__EXERCISE DETAILS__. Take the lines below from the one with "展出的这些作品最早收藏于欧洲" through the one with "Upholstered plywood seat" and retype them exactly. Include nothing else, and no pictures.

__INFORMATION__.
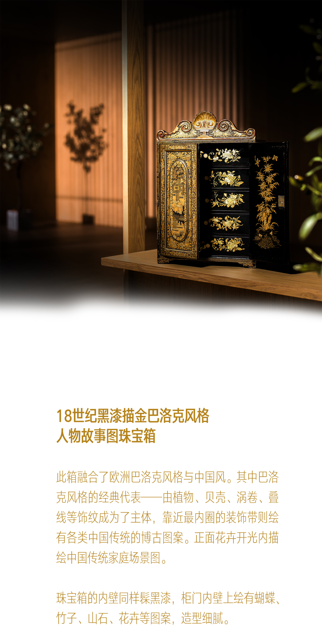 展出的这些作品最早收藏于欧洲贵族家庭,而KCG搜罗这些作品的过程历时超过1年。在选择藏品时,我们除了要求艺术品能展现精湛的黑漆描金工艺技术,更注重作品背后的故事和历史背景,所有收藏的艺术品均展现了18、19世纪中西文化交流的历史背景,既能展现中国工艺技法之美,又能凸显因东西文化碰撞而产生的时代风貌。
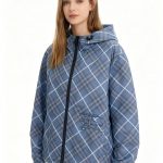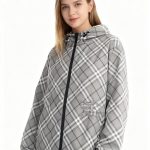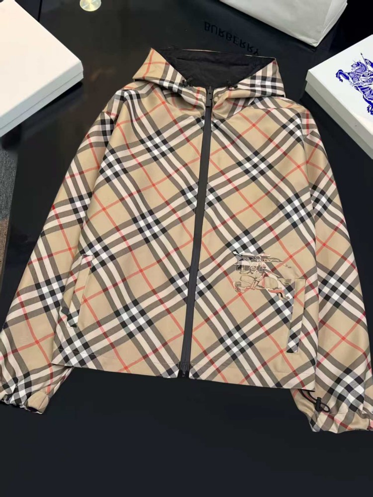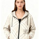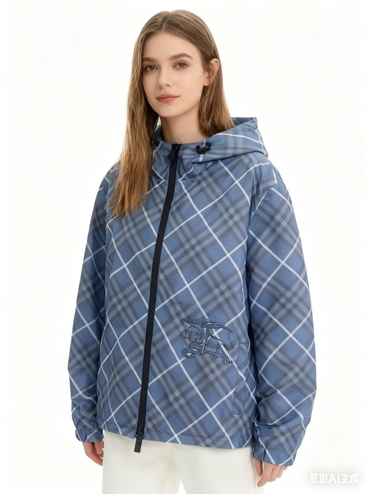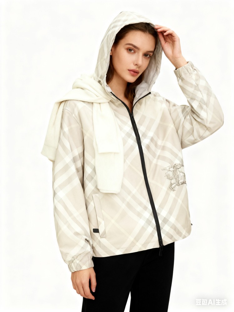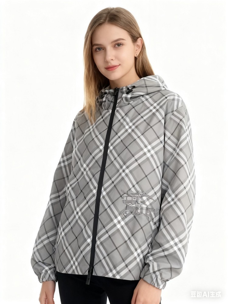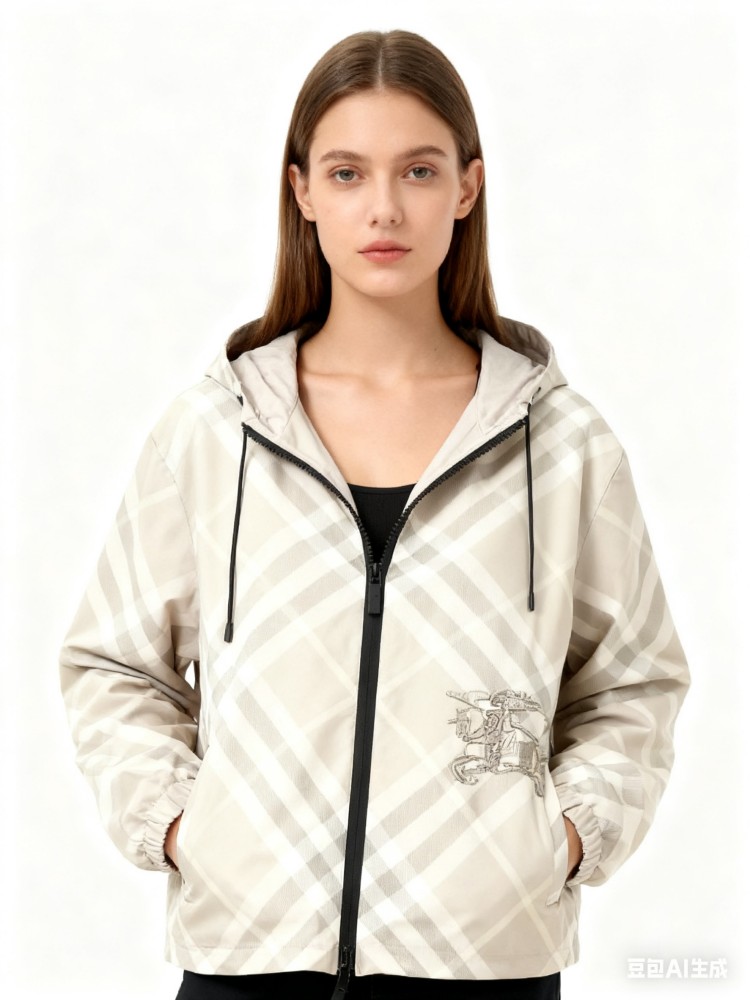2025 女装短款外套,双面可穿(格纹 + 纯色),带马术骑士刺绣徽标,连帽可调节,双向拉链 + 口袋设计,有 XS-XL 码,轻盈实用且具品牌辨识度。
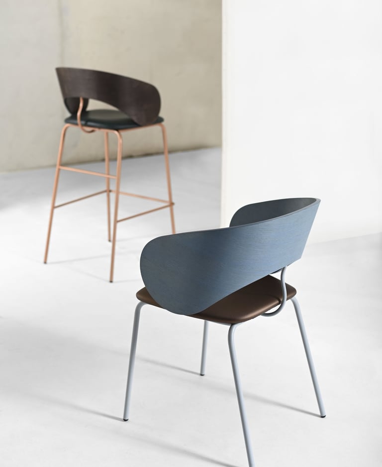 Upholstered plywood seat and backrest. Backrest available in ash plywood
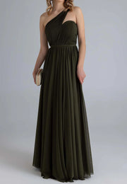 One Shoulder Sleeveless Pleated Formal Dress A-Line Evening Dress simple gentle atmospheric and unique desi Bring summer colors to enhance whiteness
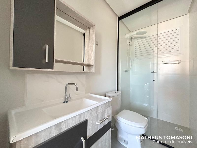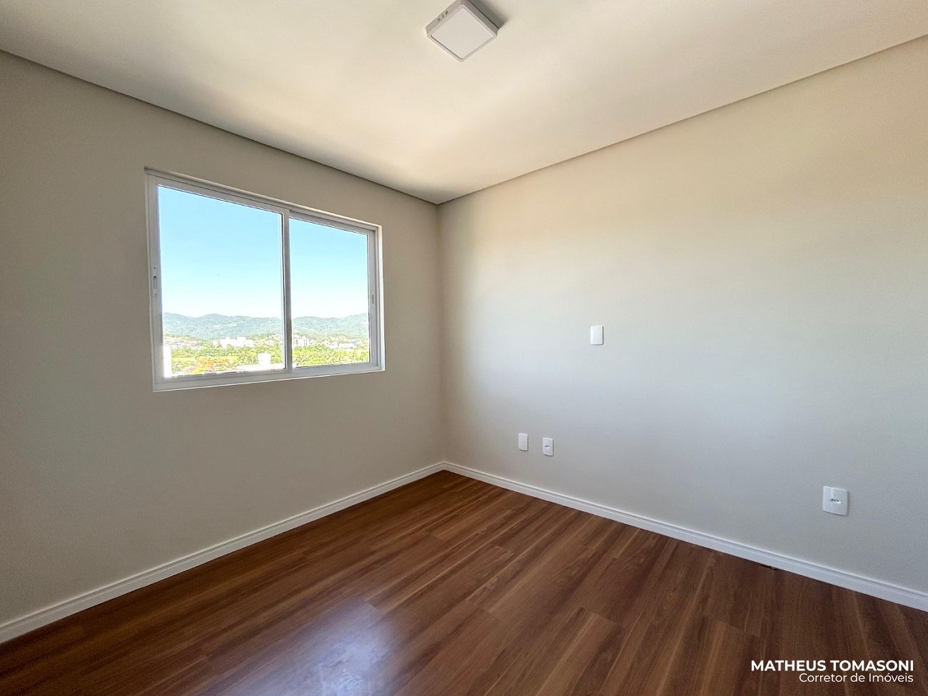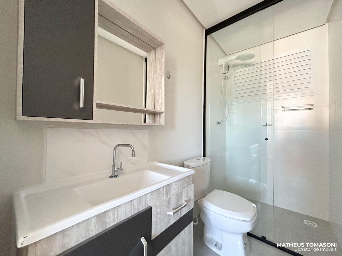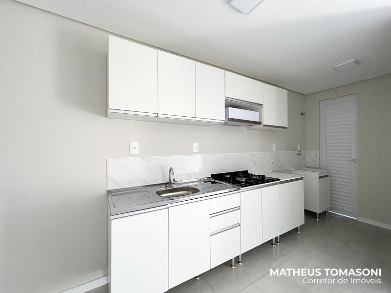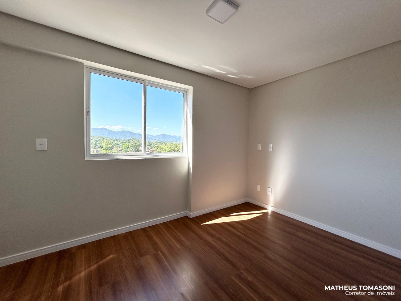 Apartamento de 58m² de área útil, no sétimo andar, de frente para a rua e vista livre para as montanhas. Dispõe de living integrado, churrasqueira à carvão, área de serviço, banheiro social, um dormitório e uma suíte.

==

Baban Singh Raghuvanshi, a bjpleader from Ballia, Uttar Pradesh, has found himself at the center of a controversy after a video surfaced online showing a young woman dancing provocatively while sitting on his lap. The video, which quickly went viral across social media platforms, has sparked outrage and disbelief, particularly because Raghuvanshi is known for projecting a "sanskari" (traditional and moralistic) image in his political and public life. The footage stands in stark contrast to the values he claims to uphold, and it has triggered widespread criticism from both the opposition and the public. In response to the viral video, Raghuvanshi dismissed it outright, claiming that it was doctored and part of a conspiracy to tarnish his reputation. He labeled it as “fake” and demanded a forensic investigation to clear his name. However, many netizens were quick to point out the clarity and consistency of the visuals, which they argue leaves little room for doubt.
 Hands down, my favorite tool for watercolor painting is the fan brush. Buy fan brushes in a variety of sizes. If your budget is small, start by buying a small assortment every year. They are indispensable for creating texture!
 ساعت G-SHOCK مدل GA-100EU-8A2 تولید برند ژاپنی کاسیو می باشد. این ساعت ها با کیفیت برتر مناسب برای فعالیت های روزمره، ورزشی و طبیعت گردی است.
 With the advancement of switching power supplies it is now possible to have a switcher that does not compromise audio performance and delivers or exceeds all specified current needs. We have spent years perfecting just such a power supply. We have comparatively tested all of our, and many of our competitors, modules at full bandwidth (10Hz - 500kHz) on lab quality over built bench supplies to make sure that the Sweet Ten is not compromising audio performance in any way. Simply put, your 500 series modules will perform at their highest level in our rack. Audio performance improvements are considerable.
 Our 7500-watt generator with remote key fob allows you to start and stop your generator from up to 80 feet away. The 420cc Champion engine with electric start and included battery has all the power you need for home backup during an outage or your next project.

--

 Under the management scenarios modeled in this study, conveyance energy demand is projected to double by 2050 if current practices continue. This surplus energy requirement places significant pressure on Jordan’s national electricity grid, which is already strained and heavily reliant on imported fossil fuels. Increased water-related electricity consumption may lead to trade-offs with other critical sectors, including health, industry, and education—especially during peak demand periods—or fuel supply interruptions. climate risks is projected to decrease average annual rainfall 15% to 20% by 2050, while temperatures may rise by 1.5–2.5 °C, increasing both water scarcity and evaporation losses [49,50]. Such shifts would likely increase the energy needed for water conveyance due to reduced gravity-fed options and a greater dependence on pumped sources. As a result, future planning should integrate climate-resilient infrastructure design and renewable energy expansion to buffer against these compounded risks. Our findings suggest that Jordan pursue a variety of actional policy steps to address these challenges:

__RESPONSE__.
 展出的这些作品最早收藏于欧洲贵族家庭,而KCG搜罗这些作品的过程历时超过1年。在选择藏品时,我们除了要求艺术品能展现精湛的黑漆描金工艺技术,更注重作品背后的故事和历史背景,所有收藏的艺术品均展现了18、19世纪中西文化交流的历史背景,既能展现中国工艺技法之美,又能凸显因东西文化碰撞而产生的时代风貌。
2025 女装短款外套,双面可穿(格纹 + 纯色),带马术骑士刺绣徽标,连帽可调节,双向拉链 + 口袋设计,有 XS-XL 码,轻盈实用且具品牌辨识度。
 Upholstered plywood seat and backrest. Backrest available in ash plywood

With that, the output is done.